Normalising Nerves
Often, when the time comes around for certain events that can cause a lot of stress such as exam time or new job interviews, we can develop a lot of nervous energy. I remember vividly before big examinations in school when some peers would be visibly nervous - sometimes pacing, shaking, stumbling over their words and having to take deep breaths. It’s natural to feel like that in those situations.
Even the most fearless experience nerves at some point in their life. Understanding how to combat our nervousness, and the science behind it, can be a great tool to learn early on in life so that we feel confident in scary situations.
The science behind the butterflies
If you’ve ever been really nervous before, perhaps in the waiting room before an interview or waiting to meet a potential love interest for a date, you’ll have felt the sensations of nausea and ‘fluttering’ more widely known as ‘butterflies’ in your stomach. Of course, science can explain a lot about our fluttery stomachs and why we feel butterflies.
According to Bradley Elliot, a lecturer in Physiology at the University of Westminster:
“The autonomic nervous system (ANS) can be split into two roughly equal branches — the sympathetic and the parasympathetic, or…the “fight-or-flight” and the “rest-and-digest” branches…
So what’s this got to do with butterflies? One of the major roles of the ANS is to prepare you for what it thinks is about to happen. This gives an evolutionary advantage since if you see a sabre-toothed tiger about to pounce, you don’t want your valuable oxygen-filled blood to be busy with your last meal. Ideally, you would want this blood to be temporarily redirected to muscles in your legs so that you can run away slightly faster.

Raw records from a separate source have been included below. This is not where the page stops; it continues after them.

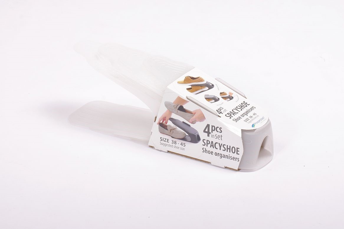 Kto by nepoznal to večné hľadanie stratených topánok v predsieni. Sada organizérov na obuv prináša jednoduché a okamžité riešenie. Prakticky a prehľadne prostredníctvom organizérov uložíte svoje topánky a tým ušetríte až o polovicu viac miesta. Materiál: plast.Rýchle a úsporné riešenie pre všetky páry topánokProtišmykový povrchPrehľadné uloženie pre jednotlivé páry obuviVýrazná úspora miesta varianty:sada 5 ks pre veľkosť obuvi 30 – 38 vo farbe antracitovej alebo transparentnej (dĺžka 42 cm, šírka 9 cm, výška 12,5 cm)sada 4 ks pre veľkosť obuvi 38 – 45 vo farbe antracitovej alebo transparentnej (dĺžka 42 cm, šírka 10,5 cm, výška 14,5 cm)
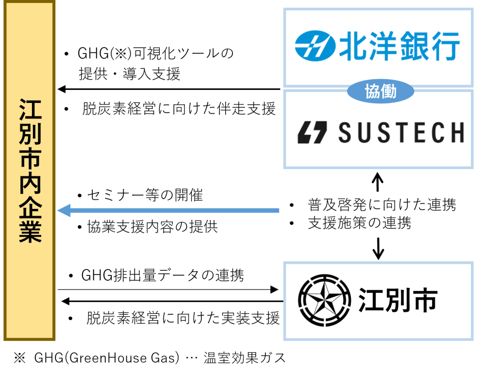 本協定書に基づき、サステナビリティ方針に基づき、すべてのステークホルダーの皆さまと地域社会と環境の持続的発展の貢献に取り組む北洋銀行のネットワークとSustechの脱炭素化支援のノウハウを活用した協業により、2050年までに二酸化炭素排出量の実質ゼロを目指す、「ゼロカーボンシティ江別市」の市域企業の温室効果ガス排出量の可視化を契機とした江別市域内企業の脱炭素化に貢献してまいります。
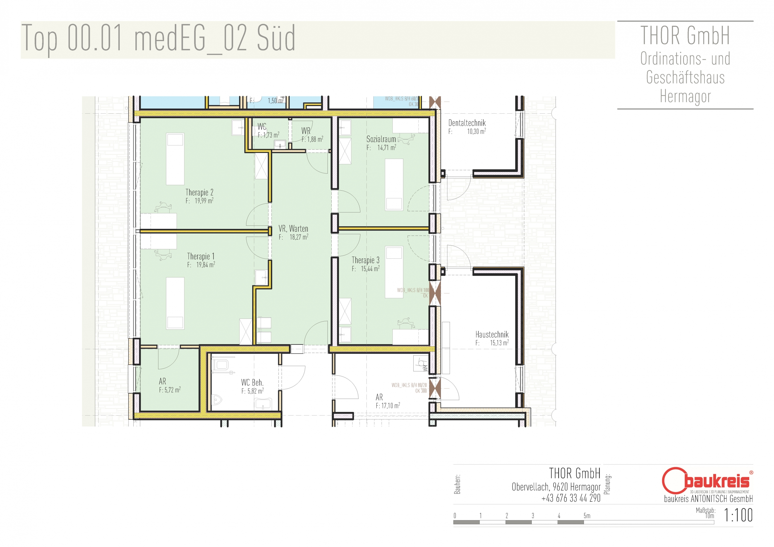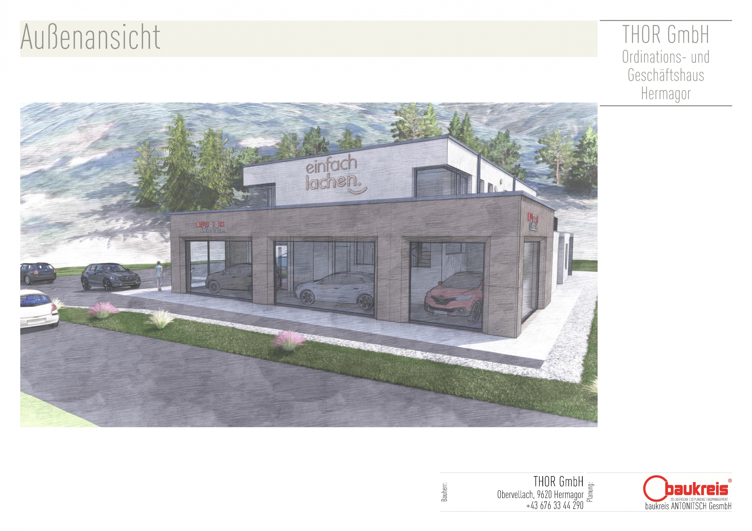 Das Ärzte- und Geschäftshaus befindet sich derzeit in Errichtung, die geplante Fertigstellung erfolgt im Mai 2021. Im Erdgeschoß befinden sich drei Mieteinheiten, wobei zwei Mieteinheiten als Ordination oder Büro vermietet werden. Der im Erdgeschoß situierte Schauraum und die sich im Obergeschoß befindliche Zahnarztpraxis sind bereits vermietet. Der moderne und barrierefreie Neubau bietet Ihnen den höchsten Standard. Das Gebäude sowie die Mieteinheiten verfügen über modernste Gebäudetechnik wie zum Beispiel Fußbodenheizung und Klimatisierung der Räume über den Fußboden und gekühlter Decke (Bauteilaktivierung). Die Fenster verfügen über elektrische Raffstores. Es stehen genügend Parkplätze für Ihre Patienten und Mitarbeiter zur Verfügung. Die Höhe der Miete sowie der Betriebs- und Heizkosten entnehmen Sie bitte der Preis- und Detailinformation. Preisinformation pro m²: Miete (exkl. MWSt) 13,00/1,20 plus Betriebskosten (exkl. MWSt) 2,70/1,20 Heizkosten (exkl. MWSt) 0,80/1,20 Kaution: (3 Bruttomonatsmieten) Gerne leiten wir Ihre Anfrage direkt an Herrn Bernd Roth, Thor GmbH weiter!
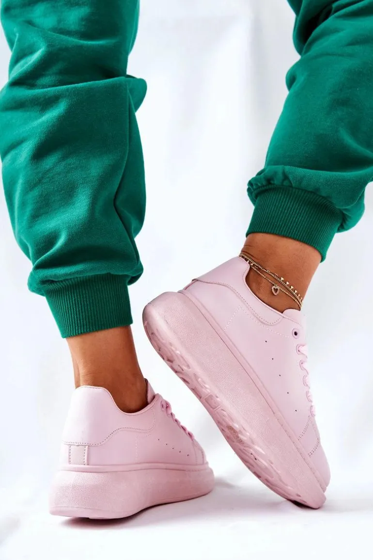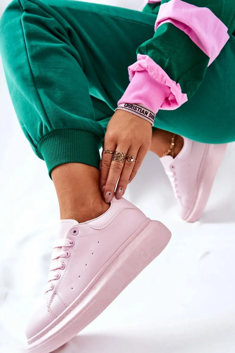 Skórzane Sportowe Buty Na Platformie Różowe Lemmy
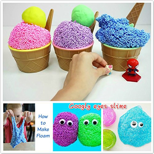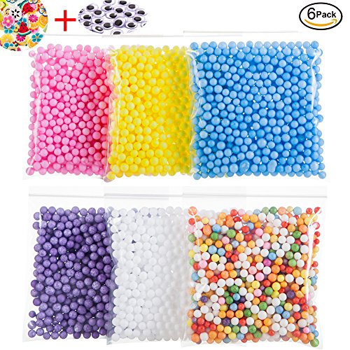 Foam Beads for Floam Slime - Big Styrofoam Foam Balls 0.23-0.30 Inch with Fruit Splice, Googly Eyes - Decorative Arts Crafts Supplies For Kid's DIY Craft, Crunchy Slime and Home Decor (6 Packs)
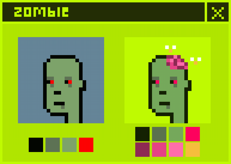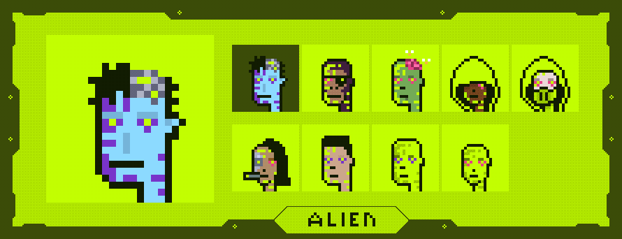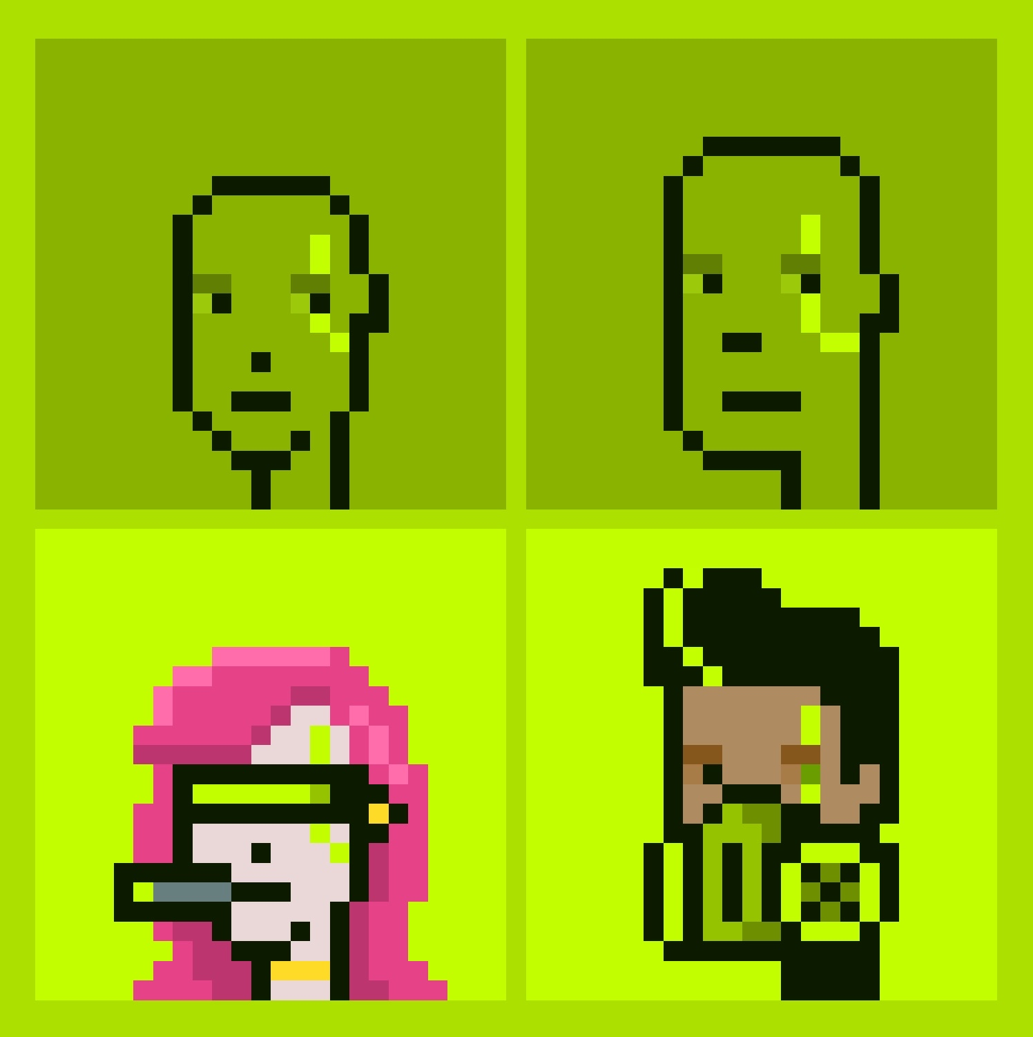 The colors are neon green, white, purple and even pink. We brought updates to the models from OG Phunks, such as Cyberbrain, Pompadour, Pink rose and even Exotic black. Many of them can be revealed as follows
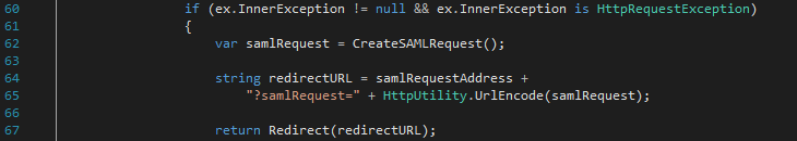 As the user is not authenticated the Resource server does not receive an OAuthToken and returns Unauthorized to the Client app – this is done by the OWIN middleware. The Client app then redirects the user agent to the SAML server for authentication and includes a SAML request as a query parameter (ClientController.cs line 65).
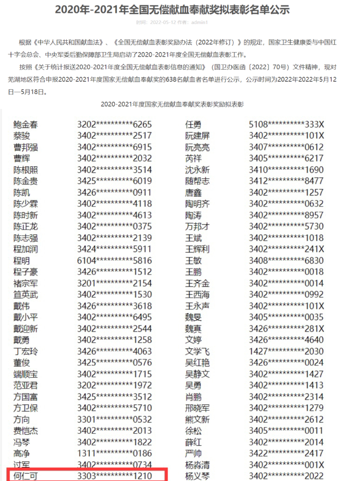 何仁可荣获芜湖市无偿献血奉献奖金奖
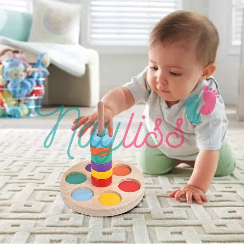 Il doit associer les blocs aux couleurs correspondantes aux bon disque, il apprendra tout en jouant, ce qui renforce sa mémoire et sa compréhension et le tri des couleurs.
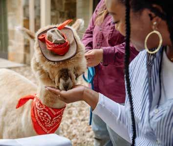 For those looking for an even more personalized experience, Lost Pines offers a Breakfast with the Alpacas package. Breakfast begins with room service on the patio, followed by the opportunity to feed, pet, and photograph two cute alpacas brought to your room. Handlers are present to answer questions and provide interesting facts about the adorable Peruvian animals.
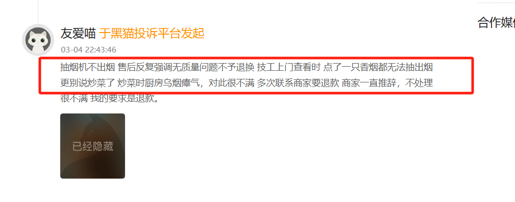 此前,另有消费者投诉称,购买的老板抽烟机抽不出烟。“技工上门查看时,点了一只香烟,甚至无法吸走香烟烟雾。”
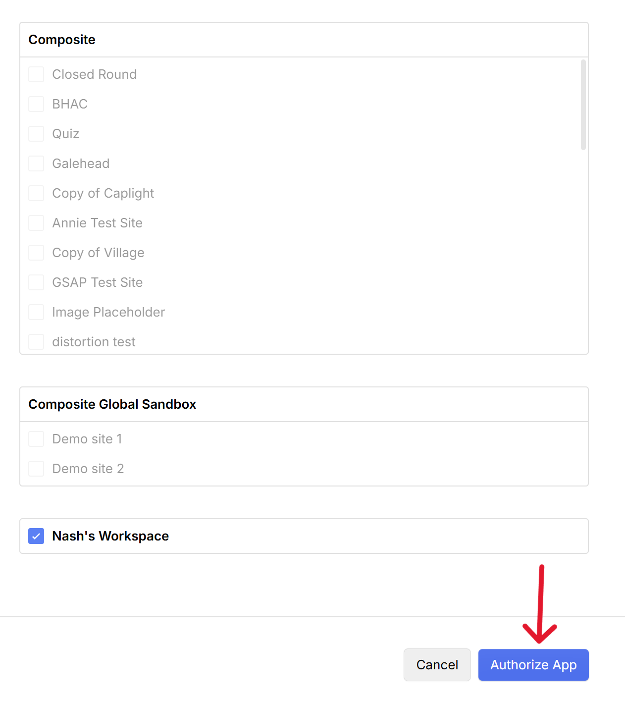 Select the workspace or the specific site(s) you want to connect. (Microsoft notes you can add it to a whole workspace or a single site and they recommend not choosing more than about 5 sites at once.)

So, your “fight-or-flight” sympathetic system kicks in and becomes dominant over parasympathetic activity. This also causes a release of adrenaline, which both increases your heart rate (to pump more blood and faster), releases huge amounts of glucose from the liver, and shunts blood away from the gut. The blood is redirected toward the muscles in the arms and legs which makes them ready to either defend you or run away faster — the “fight-or-flight” that you’ll probably be familiar with.
…The blood vessels specifically in this region [the gut] constrict, reducing blood flow through the gut which in turn produces the oddly characteristic “butterflies” feeling in the pit of your stomach.”
To read Dr Elliot’s full article, click here.
Healthy vs unhealthy nerves
Having a healthy nervous system can be just as important as maintaining good mental or physical health. A lot of what keeps our nervous system healthy is related to our general health, for example, drinking lots of water, getting lots of sleep, and making sure your body gets the nutrients it needs. In terms of our anxiety and the nerves that come with heightened pressure such as exams, it’s important to identify the difference between what is healthy and what is unhealthy.
Butterflies in your stomach, sweaty palms, self-doubt - all of these are totally normal symptoms of nerves. If you care about what you’re doing and how well you perform, it’s likely you’ll experience all of these. When your nerves begin to physically affect you, for example, causing vomiting, increased heart rate, dry mouth, muscle tension and rapid breathing, that’s when your nerves equate to unhealthy anxiety and we need to learn to combat them.
Regardless of whether you are experiencing a real or perceived threat – unhealthy anxiety occurs when it is affecting your day-to-day life. If anxiety is interfering with your ability to emotionally connect with family and friends, to focus at work or school, to attend social functions, or to eat and sleep - then it is unhealthy!
How to harness the power of healthy nerves
At Speaking Works we begin work early on learning to grasp the distinction between healthy and unhealthy nerves. We have a vast collection of tools and tips to help target performance anxiety that we teach all of our students. Some of which include:
Breathe, breathe, breathe
Breath is so important. Take deep, meaningful breaths to help slow down your heart rate and steady your breathing.
Affirm yourself
You are ready. You have rehearsed. You are prepared. Affirm yourself always, and in doing so, notice your self-confidence growing.
Visualise success
Visualise yourself leaving the exam hall, or the job interview, positively. You can do it, and you will do it to the best of your ability. Visualise your own success and ground your breathing in that visualisation.
Feel your feet
Wiggle your toes within your shoes. Feel where the soles of your feet are in contact with your shoes. Ground yourself from your head all the way to the earth at your feet. Allow that grounding of yourself to lower your anxiety and bring you back to ground level.
There are many ways to tackle nerves. At Speaking Works, we begin first by normalising nerves as everyone will feel nervous at some point in their lives! From there, we can start to tackle our nerves. It’s a personal journey, something that works for one person may not work for another.